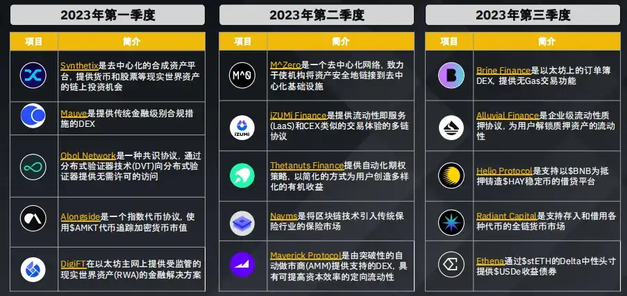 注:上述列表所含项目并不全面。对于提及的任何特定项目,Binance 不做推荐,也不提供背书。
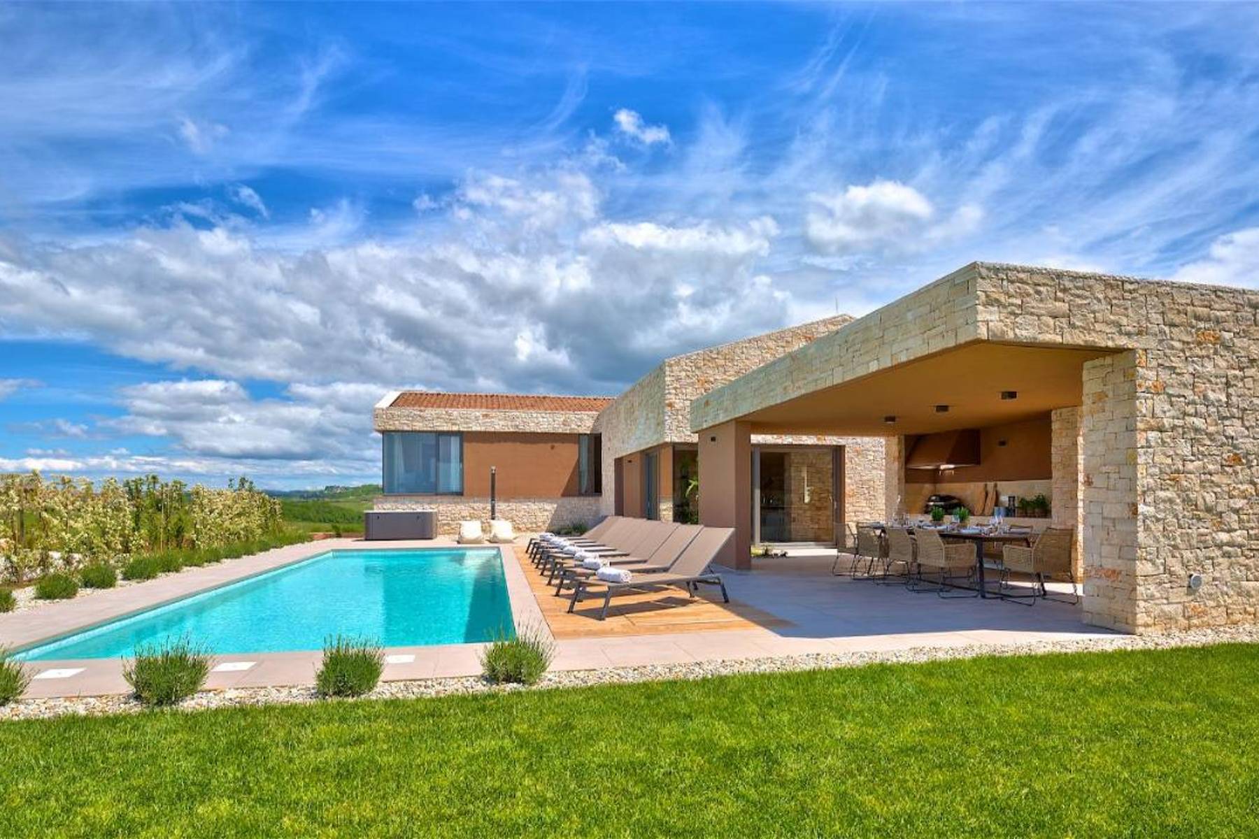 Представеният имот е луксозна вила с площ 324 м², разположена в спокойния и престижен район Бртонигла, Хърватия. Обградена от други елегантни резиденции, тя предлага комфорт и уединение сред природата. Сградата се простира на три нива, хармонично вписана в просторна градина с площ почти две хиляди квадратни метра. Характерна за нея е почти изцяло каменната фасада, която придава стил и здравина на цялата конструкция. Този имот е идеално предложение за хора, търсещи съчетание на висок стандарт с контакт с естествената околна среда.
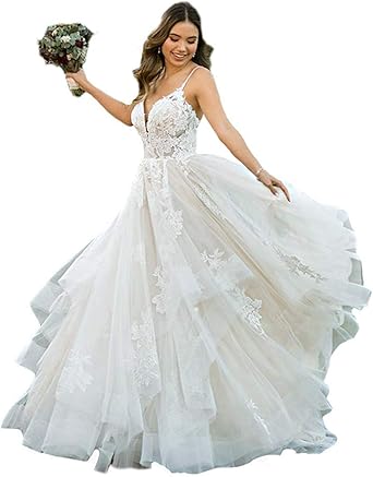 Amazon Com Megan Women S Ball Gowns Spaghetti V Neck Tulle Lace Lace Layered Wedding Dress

======

▸ Task item: The data above must be written out again word for word, without its pictures.

▸ Output for this task:
 注:上述列表所含项目并不全面。对于提及的任何特定项目,Binance 不做推荐,也不提供背书。
 Представеният имот е луксозна вила с площ 324 м², разположена в спокойния и престижен район Бртонигла, Хърватия. Обградена от други елегантни резиденции, тя предлага комфорт и уединение сред природата. Сградата се простира на три нива, хармонично вписана в просторна градина с площ почти две хиляди квадратни метра. Характерна за нея е почти изцяло каменната фасада, която придава стил и здравина на цялата конструкция. Този имот е идеално предложение за хора, търсещи съчетание на висок стандарт с контакт с естествената околна среда.
 Amazon Com Megan Women S Ball Gowns Spaghetti V Neck Tulle Lace Lace Layered Wedding Dress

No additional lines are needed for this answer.